COOVER Robert / Noir

Noir.
R
obert COOVER.
Note : 3 / 5.
Le noir lui allait si bien!
Je ne connais pas cet auteur qui m' été recommandé au club de lecture de la médiathèque de Lorient. Un auteur somme toute prolifique, avec une vingtaine d'oeuvres éditées.
Quand le privé s'appelle Phil Noir, sa secrétaire Blanche, le commissaire Blue on peut espérer en voir de toutes les couleurs, ou alors n'en voir qu'une seule : le rouge!
Un privé bien dans la tradition américaine, fauché, pas brillant, un peu stupide, buvant et fumant plus que de raison. Il sert souvent de punching-ball pour quiconque veut se passer les nerfs. Bref tous les clichés et stéréotypes sont là!
Les rues sont glauques, les personnages très paumés, la veuve en noire, en jambes et appétissante (bon d'accord elle passera vite du statue de veuve à celui de défunte, puis de cadavre elle deviendra feue la disparue!). Ladite veuve aimerait qu'il enquête sur la mort de son mari, la version officielle parle de suicide, mais elle n'y croit pas. Elle l'embauche pour savoir la vérité, mais quand elle lui donne un papier avec le nom de l'assassin présumé, il a un instant d'hésitation! « Mr Big » c'est du gros, pas du menu fretin.
Pauvre Mr Noir, à la suite de la mort de son employeuse, il broie du noir, mais il continue son job, bien que dorénavant il travaille au noir. Comme en plus le mystère s'épaissit l'avenir est plutôt sombre. Les éclaircies dans sa vie et son enquête, lui sont prodiguées par Blanche, sa secrétaire.
Les visites du commissaire Blue lui donnent des coups de blues, et les coups qu'il reçoit lui laissent des bleus au corps!

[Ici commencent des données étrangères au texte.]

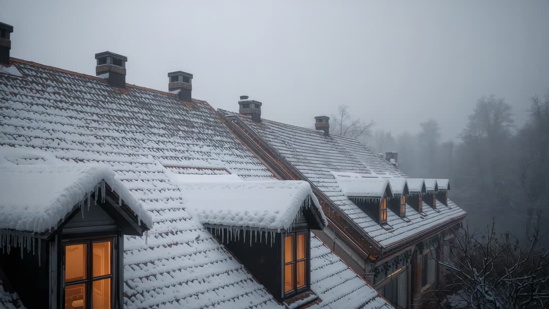 AI Generated Video. Slow panning pullback shot revealing snow-covered rooflines, dormer windows glowing with warm light, and icicles hanging from eaves amid low fog and forest backdrop. Close-up moments showing textured roof tiles, chimney stacks, and thick snow layers creating atmospheric contrast between cold exterior and warm interior. Mood evoking quiet winter evening ideal for holiday, travel, hospitality, and architecture projects. Suggested uses include lodge and resort promos, winter travel guides, seasonal social media reels, broadcast establishing shots, film and TV montages, website hero loops, and editorial features on weather or winter living. Color grading options recommending cool desaturated palette for moody tone or warmer midtones to emphasize interior glow. Consider adding subtle ambient sound design such as wind gusts, gentle roof creaks, and distant forest ambience to enhance cinematic feel. Clip working well for opening sequences, transitions, and background for voiceover narration.

Phil M.Noir est un privé sans illusions, ni sur lui même, ni sur les autres. Ses rêves ont été remplacé par la triste réalité d'un boulot minable. Donc parfois Monsieur broie du noir, et s'apitoie sur son triste sort!
Sa secrétaire, qui se nomme Madame Blanche, est une personne dévouée, enfin peut-être pas corps et âme. On apprend au hasard des retours de son employeur qu'elle porte des culottes de soie, mais oui. Mais n'allez pas croire certaine choses, dans la vie rien n'est absolument tout noir ou tout blanc. Même pour les Blacks &White, garçon un whisky please! Est-elle aussi en plus de ses nombreuse qualités une oie blanche?
Commissaire Blue est un policier incorruptible, enfin jusqu'à un certain point, mais l'argent qu'il trouve dans les poches des gens qu'il interroge est pour les bonnes oeuvre de la police, voyons!
Le veuve en noir, visage dissimulé sous une voilette, enfin la veuve dont le corps a disparu! Mais qui réapparait parfois, au moment où l'on si attend le moins.
Mr Big, lui est un poids lourd du crime, amateur de soldats de plomb, il était l'associé du défunt mari de la veuve en noir aux longues jambes qui est morte et dont le cadavre a disparu........
Les personnages dit secondaires ne sont pas tristes non plus, en particulier une veille prostituée qui a servi de carte postale entre deux yakuzas, chacun renchérissant sur le tatouage de l'autre! Flame au tempérament de braise, des alcooliques, des indicateurs, une jeune bourgeoise qui s'encanaille peuplent les nuits de New-London et de ce roman.
L'auteur adopte un style de narration qui peut dérouter, en effet il parle à Noir en le tutoyant et en décrivant ses actions:
-Tu es à la morgue. Où la lumière est étrange.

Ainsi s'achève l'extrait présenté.